Angola Blues foi gravado no estúdio caseiro de Nuno, um estúdio "pequeno, mas funcional", segundo ele.

- A gente entrou em estúdio em abril ou maio de 2019 e "vomitou" aquilo tudo: gravamos tudo de uma vez, pra depois escolher os melhores takes - conta o artista, sobre o processo de gravação e produção do registro. - Eu fiquei trabalhando nisso até outubro de 2019. Depois, claro, você sempre aperfeiçoa: dá pra refazer uns vocais, melhorar aqui e ali. Basicamente a gente grava um rascunho e depois transforma esse rascunho em uma coisa mais lapidada. Eu nem costumo fazer isso; faço só o rascunho, porque o blues é isso mesmo, né? Mas nesse disco eu queria fazer um laboratório, uma coisa mais elaborada. Mas sempre mantendo a base ao vivo, claro.

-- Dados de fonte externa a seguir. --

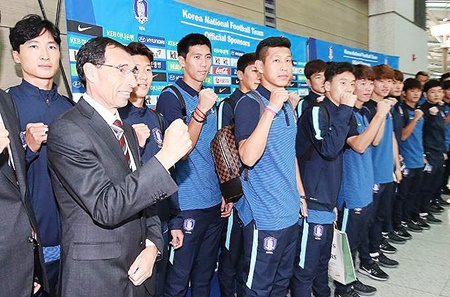 مربیان تیم کره با لباس فرم و بازیکنان با پیراهن و شلوار ورزشی وارد هواپیما شدند و در اين بین اوله اشتلیکه سرمربی آلمانی و کیسونگ یونگ کاپیتان تیم با رسانهها گفتوگوی کوتاهی داشتند و نسبت به پیروزی در ایران ابراز خشنودی کردند.
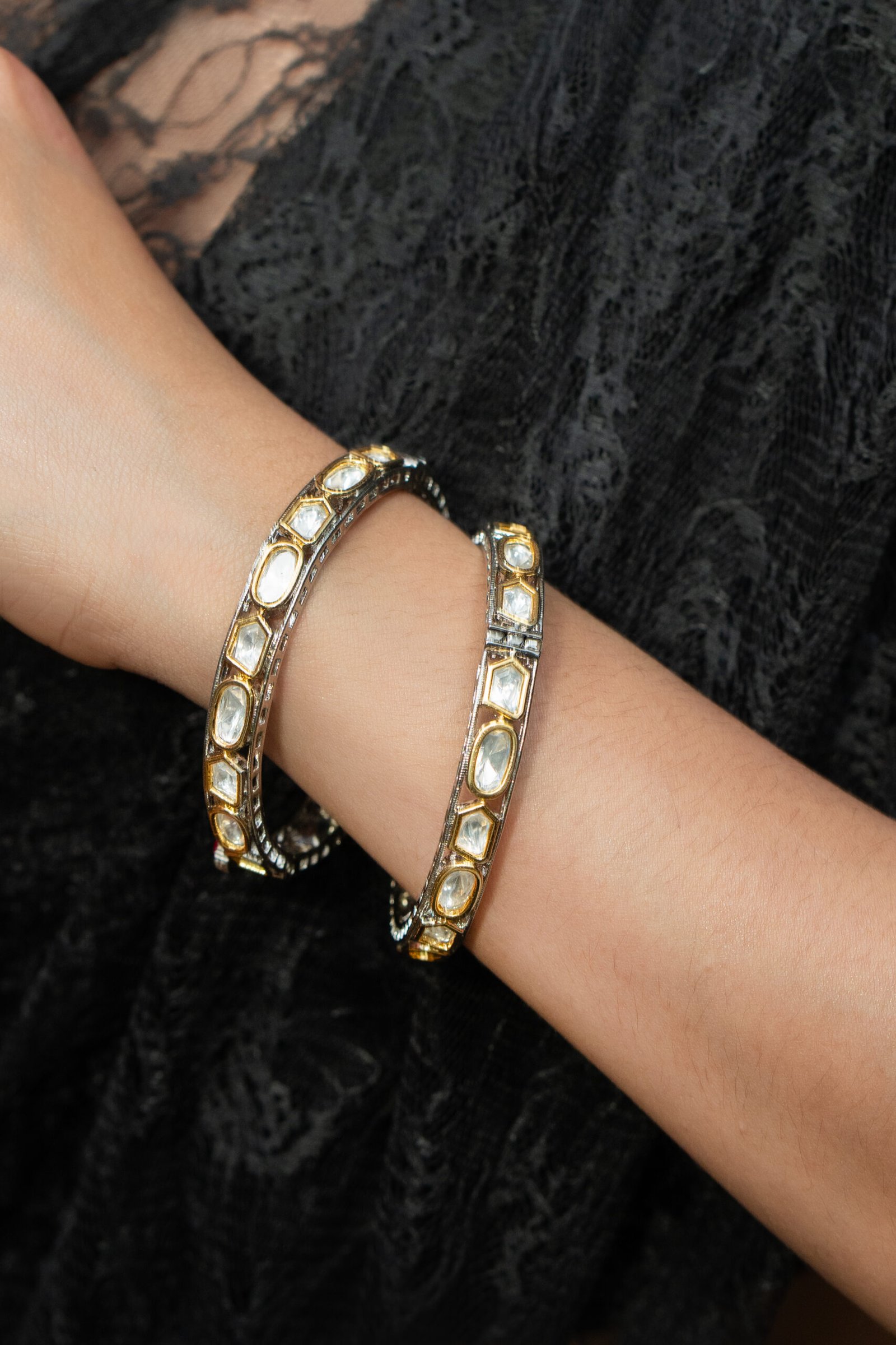 Elevate your style with our exquisite Kundan Bangles, adorned with dazzling Kundan stones for a touch of opulence. Crafted from high-quality Brass, these bangles promise durability and elegance. Embrace timeless beauty with our Copper (Rose Gold) plating, adding a hint of warmth to your ensemble. Explore the fusion of Gold and Silver plating options, offering versatility and sophistication. Shop our Kundan Bangles collection to make a statement of unparalleled luxury.
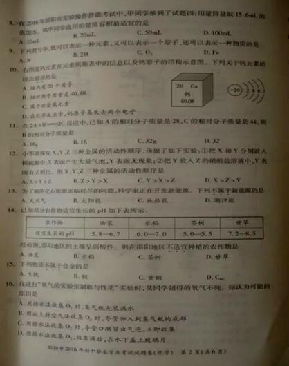 2016湖南邵阳中考化学试题及答案
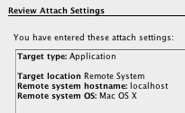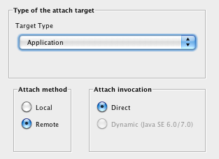Attach Mode. Select Application with Remote and Direct options.
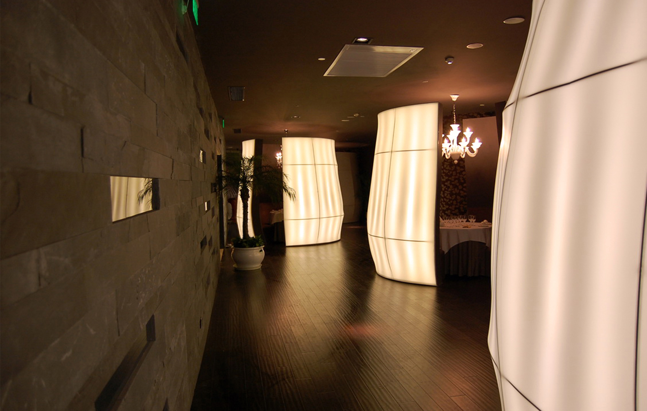 The Xintiandi location of this high-end Shanghai restaurant chain features an elegant, cozy cocktail lounge that opens onto a foyer where circular backlit pods enhance the uniqueness of the dining experience.
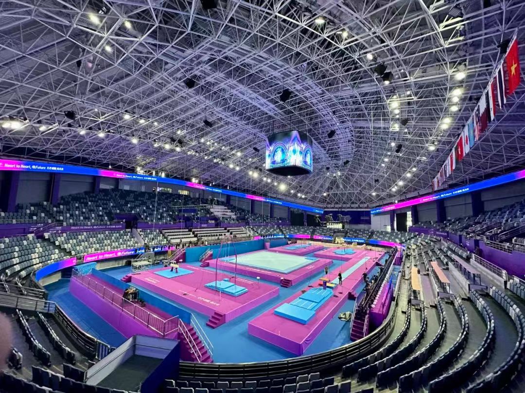 在这场亚洲瞩目的体育盛会上,yl8cc永利体育作为本届亚运会官方供应商和服务商,为田径、体操、举重、自行车、柔道、曲棍球等12大项、17个分项提供器材与服务,服务项目达到历届之最。为全力保障赛事成功举办,yl8cc永利体育派出了近百人的专业服务保障团队,全过程、全赛时负责赛事场地布置、转场、器材安装、调试、技术检查等比赛服务,是亚运会名副其实的场馆器材“守卫铁军”。
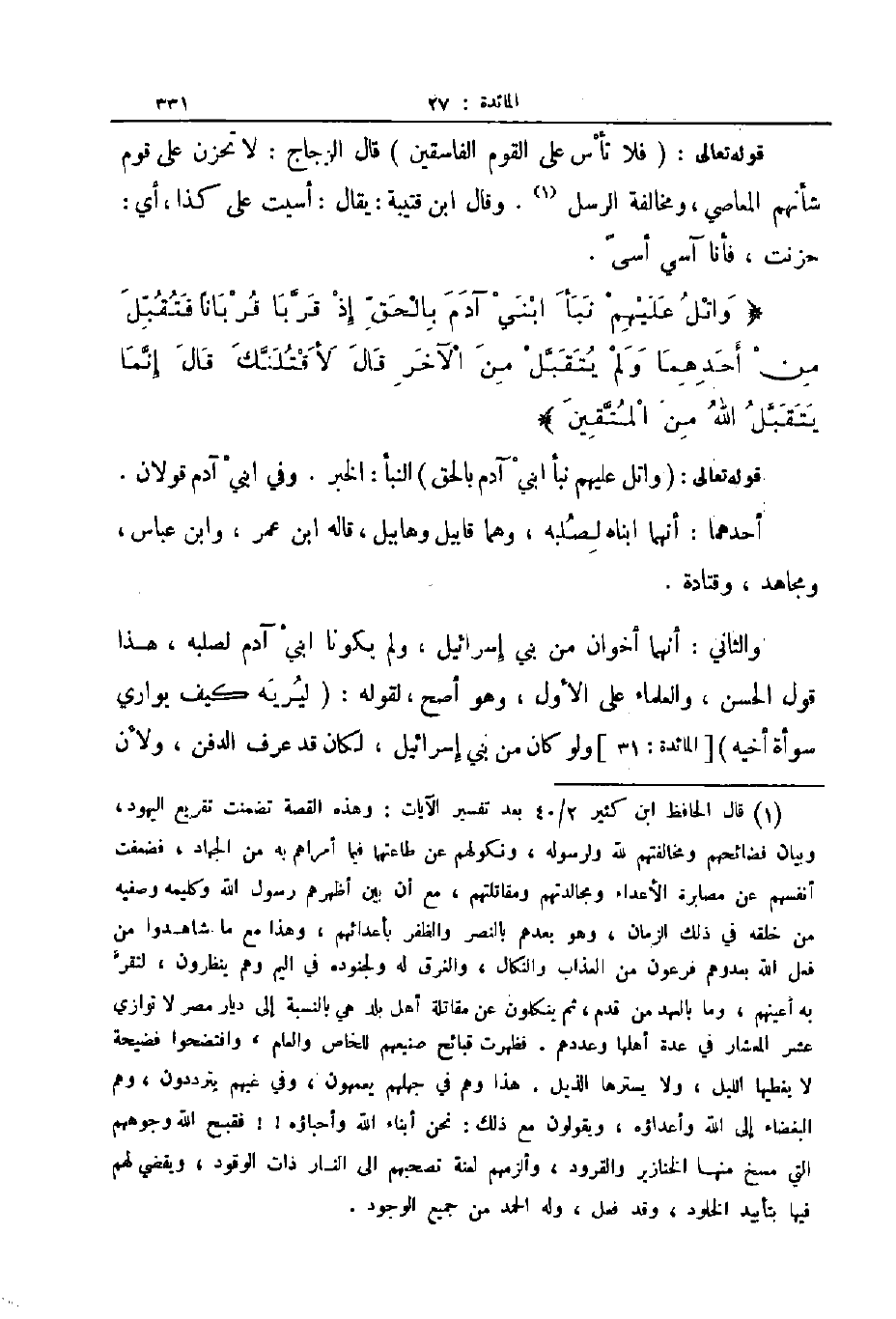 قوله تعالى فلا تأس على القوم الفاسقين قال الزجاج لا تحزن على قوم شأنهم المعاصي ومخالفة الرسل وقال ابن قتيبة يقال أسيت على كذا أي حزنت فأنا آسي أسى واتل عليهم نبأ ابني آدم بالحق إذ قربا قربانا فتقبل من أحدهما ولم يتقبل من الآخر قال لأقتلنك قال إنما يتقبل الله من المتقين
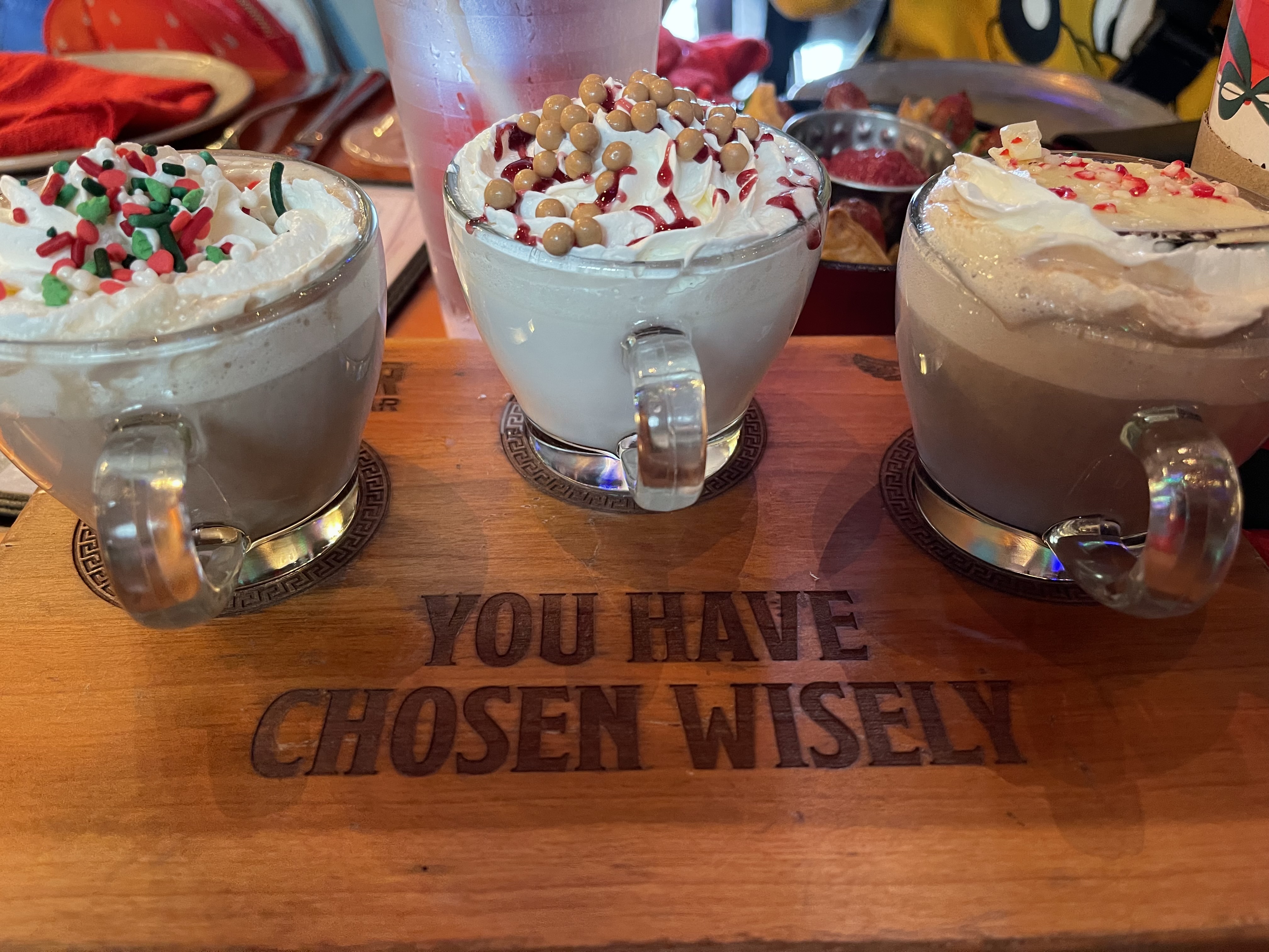 Just over a week ago, when my family was on vacation at Walt Disney World in Orlando, Florida, we spent our final day of the trip visiting Disney Springs, a large shopping, dining and entertainment district on the Walt Disney World resort property (think very large outdoor mall). While we were walking around, we passed a bar called the Hangar Bar, a quaint little place with WWII aviation vibes. What drew us in was a sign out front that was still promoting a lot of their Christmas specials, and so we decided to enjoy one last Christmas flare before we ended the trip.
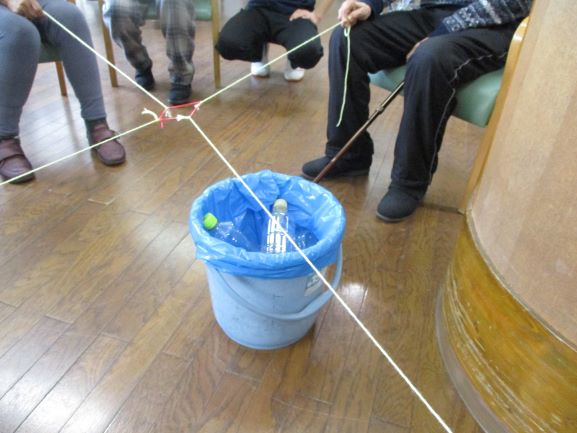 4人の息が合わないと、ペットボトルは持ち上がらず
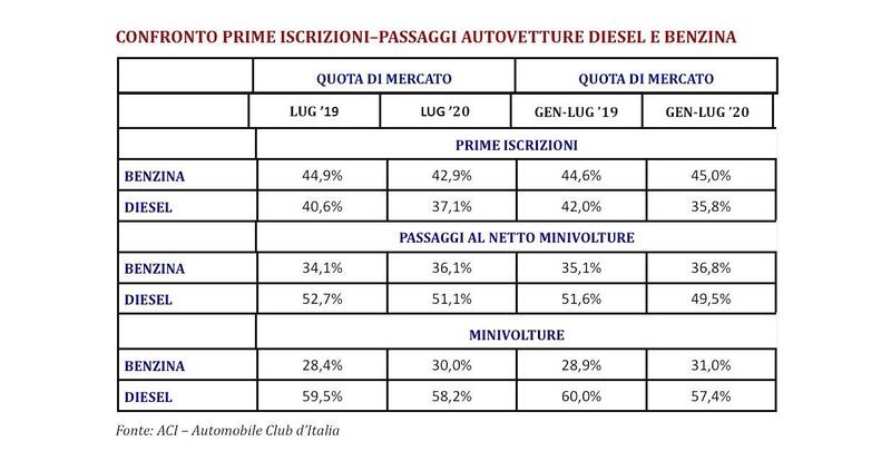 Questo trend trova riscontro anche nelle prime iscrizioni, dove a dispetto del pesante calo complessivo generale, a luglio si sono registrate variazoni positive del 28% per le auto elettriche, del 125% per le ibride a benzina e del 41,6% per le ibride a gasolio.
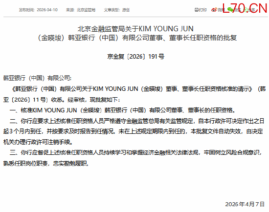 KIM YOUNG JUN(金暎埈)获批担任韩亚银行(中国)董事、董事长
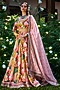Featuring a multi-colored lehenga in silk base with floral print and lace work. It is paired with a matching blouse and an organza dupatta.
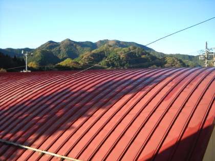 体育館の屋根にヒマラヤスギの長い影が出来ています。
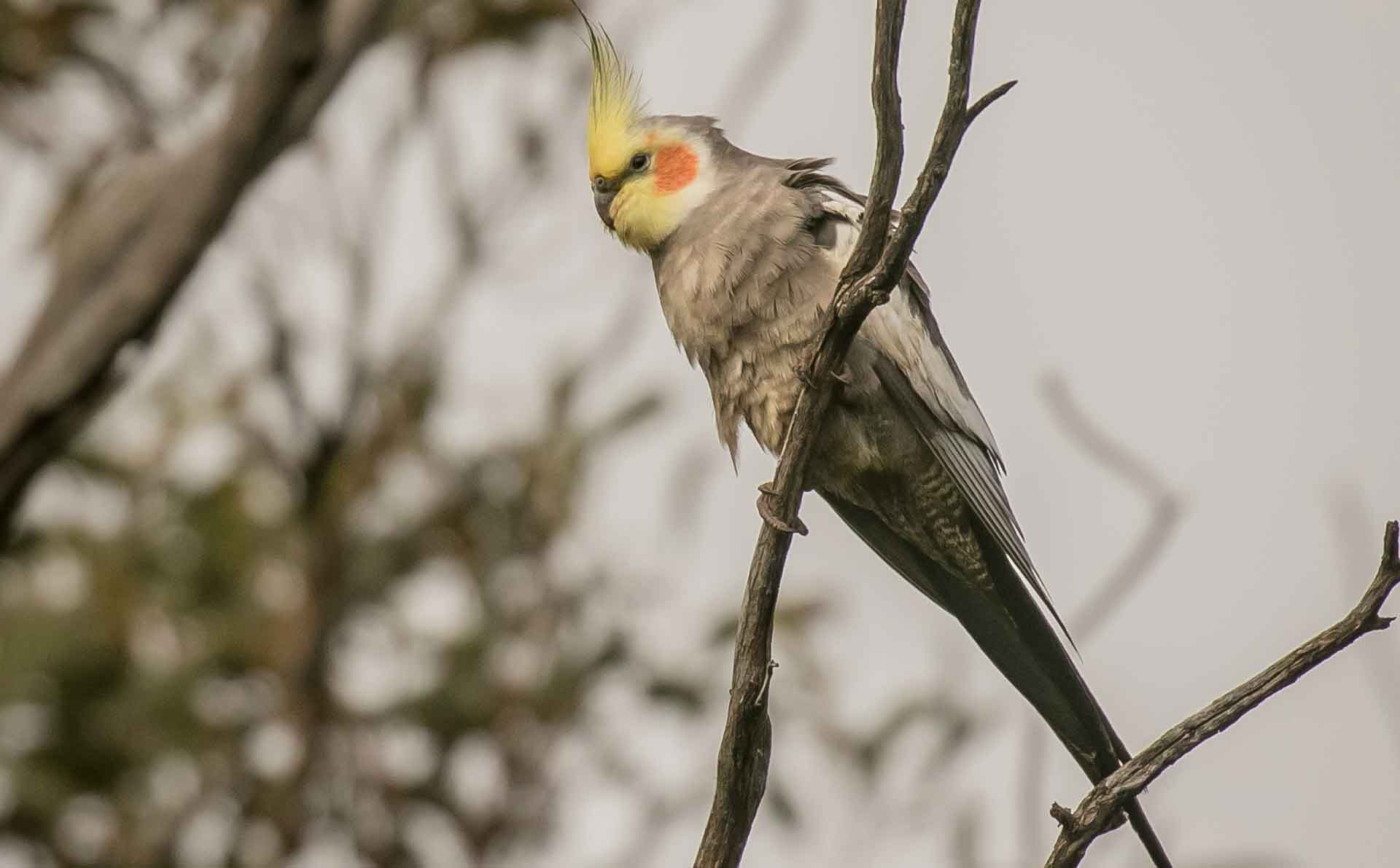 - Природный окрас попугаев — темно-серый с яркими желто-красными пятнами на голове, щеках. Хохолок желтый. Крупные маховые перья на крыльях белые. Это самый распространенный, естественный цвет. Отличия полов у попугаев корелла такого окраса заметны уже после первой линьки: у самцов щеки и хохолок намного ярче, тогда как самочки могут оставаться практически полностью серенькими. Дополнительно начинает темнеть клюв у мальчиков, но эта особенность указывает на то, что попугай совсем взрослый, старше полутора лет.

No novo trabalho, Nuno está acompanhado dos músicos Dhieego Andrade (bateria), Marcos Klis (baixo), Alex Bessa (teclados), Ilker Ezaki (percussão) e Jessica Areias (voz); além das participações especiais de Airto Moreira e Flora Purim. Fazem parte do repertório músicas tradicionais angolanas, de autores desconhecidos, como Mudiakime, Muxima e Birim Birim; composições de Nuno, como Cabinda; e ainda canções como País Tropical, de Jorge Ben Jor.

Como todos os artistas que estavam em processo de finalização e lançamento de novos álbuns no começo de 2020, Nuno viu todo seu planejamento ser fortemente impactado pela pandemia de coronavírus.

- Quando Angola Blues entrou nas plataformas digitais, foi o primeiro dia de lockdown em São Paulo - ele diz. - Sério, no mesmo dia. (risos) Ele podia ser chamado de Lockdown Blues, em vez de Angola Blues. (risos) Como tive que cancelar todos os shows, a turnê, eu, instintivamente, entrei no estúdio, liguei o celular e falei "galera, eu vou lançar o Angola Blues numa live." Isso eu posso te dizer que fui um dos pioneiros; ainda não tinha esse monte de gente fazendo live. Eu nem estava pensando tanto na divulgação em si, foi uma coisa mais de necessidade, mesmo: músico tem essa necessidade de tocar com gente ouvindo. Então comecei a fazer lives duas vezes por semana; agora estou fazendo uma vez por semana. Se olhar meu Facebook já tem material pra fazer vários álbuns baseados em lives.

- Eu não consigo perceber ainda se o isolamento ajudou ou não o Angola Blues - ele reflete. - Por mais que eu tenha tido que cancelar os shows, fazendo minhas lives eu consegui fazer o disco chegar a outros países, a lugares onde eventualmente ele não teria chegado só com as apresentações ao vivo. Então eu não sei dizer.

Mas Nuno Mindelis não parece particularmente preocupado. Além de estar mais focado em deixar um legado musical, como contou no início do texto, o guitarrista também está mais interessado em simplesmente ter prazer com o que faz:

- Acho que, quando se é muito novo, a gente se preocupa demais com fama, com reconhecimento imediato - afirma. - Atualmente eu penso mais em fazer as coisas pela minha própria satisfação pessoal.